Oscar Mathisen
Speedskating - Oscar Diary

Snow!

Oscar Mathisen had spent a week training on Steiner Teich and enjoying some freshening up of his fond memories from 1908 down in Klagenfurt. Just like then he had two travelling companions, but unlike then the companions were his physio and team leader, not his teammates. In 1908, he, Sigurd and Martin had travelled on 3rd class tickets, sometimes in windowless wagons fit only for cattle. Things had changed since then.

Oscar, from
www.skoytemuseet.no
The temperature had dropped these last few days and Wörthersee had finally started to freeze, but not enough to move the championship back to the lake. This cold front, which ran the temperature down into the 30s (centigrade) in Russia and Finland and gave the Berliners 40 cms of ice to skate on at Wannsee, also pushed up some powerful precipitation clouds in its outskirts, and on Thursday it started to snow in Klagenfurt. It continued all Friday as well, interrupting the training laps on Steiner Teich. In the evening the draw was made with 30 cms of snow outside the hotel windows, an easy task with only 4 participants.
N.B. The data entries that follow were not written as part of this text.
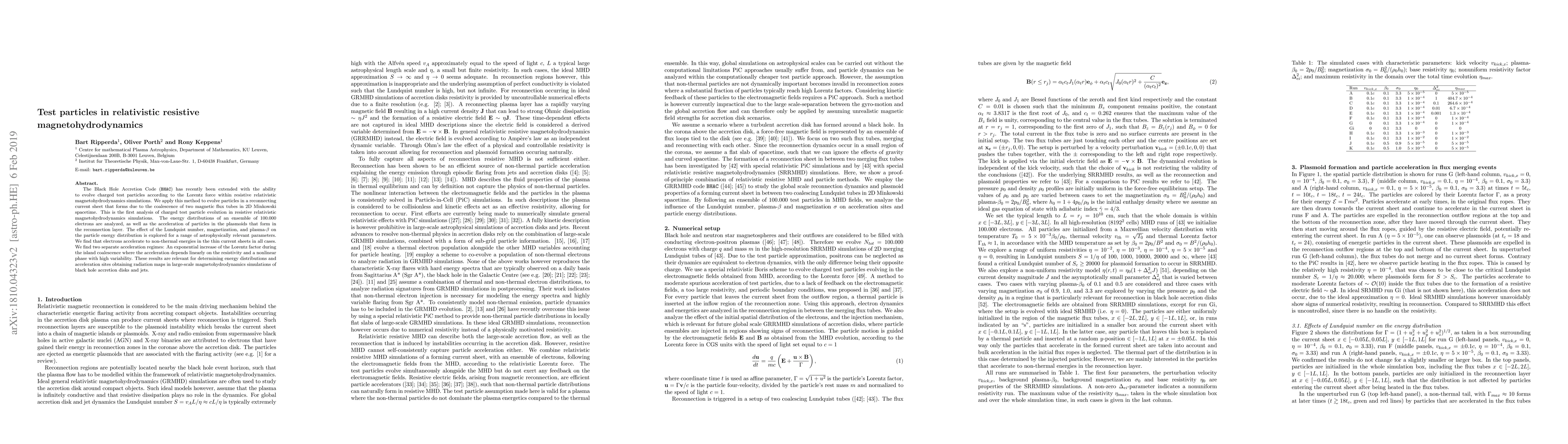 This paper extends the Black Hole Accretion Code (BHAC) to simulate charged particles in resistive relativistic magnetohydrodynamics, analyzing electron acceleration in reconnecting current sheets. The study reveals two distinct acceleration regimes and highlights the impact of resistivity, magnetization, and plasma-$\beta$ on particle energy distributions, providing insights for understanding radiation in black hole accretion disks and jets.
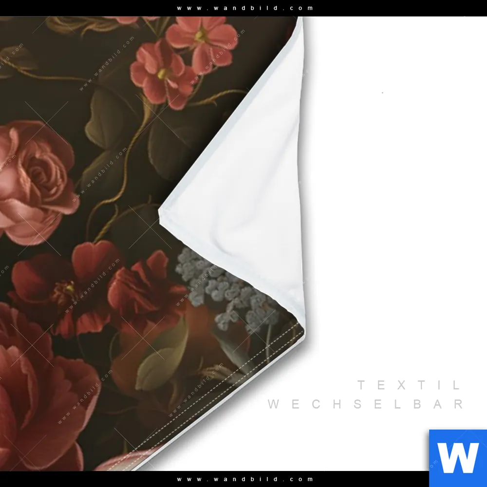 Wechselmotiv Textil | Friedlicher Hirsch und Blüten | Panorama
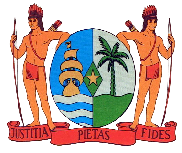 Además de Bélice, jamaica, sanvicente y granadinas, el escudo de Surinam, es el único que ostenta humanos,
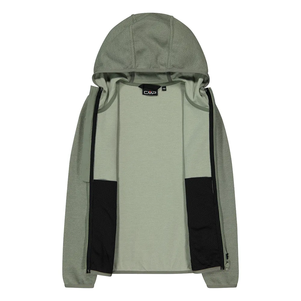Un aspecto técnico para esta chaqueta polar jaspeada con capucha, diseñada para jóvenes entusiastas del aire libre.
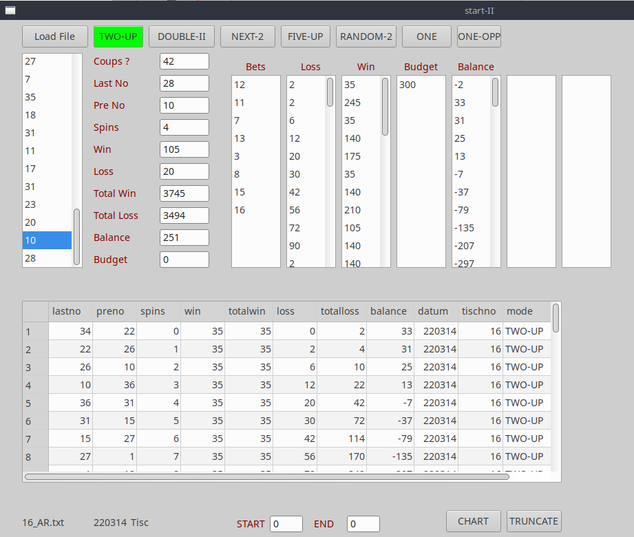 While the For/Next loop is running through the items of Listbox1 (a list - about 200 items - of Numbers from 0 to 36), it produces "loss" or "win" and a "balance" all of thouse listed in further ListBoxes regarding to thier variables:

As usual the home favourite was set against the best foreigner, this time in the first pair with Oscar starting in the inner lane. 2nd pair then was Sørensen and Naidenov. The 5000 and 1500 m were to be set up according to the results of the 500m, and the 10000m similarly on the basis of the 5000.

It snowed on through the night, and next morning the situationit had started looking critical. The championship organisers called up 60 workers to try and clear it, but the sky spewed ever more big fluffy crystals and the workers could not keep up with them. They barely managed to clear a small patch for the figure skaters, and the speedskating was postponed until late afternoon. Then, 80 soldiers were called up to clear the track. But towards noon a wind sprang up, and soon it blew in gusts of hefty gale. Pretty unpleasant for the hard-working soldiers, and the snowfall didn’t ease either, it fell rather heavier than before. So heavy in fact that the water from below started trickling on the ice surface, pressed up by the weight of the snow. The organisers decided to cut the track loose to rescue it. But daylight waned and their hopes of getting the track ready for the championship waned with it. A proposition to arrange all four races the day after was put before the skaters. Only one of them was skeptical. Oscar himself. Tired with the whole business he rather wanted to get back home and prepare for the European Championship next weekend at Stockholm. The evening passed with snow flurries drifting past the hotel windows like white flapping chickbirds in the lamplight.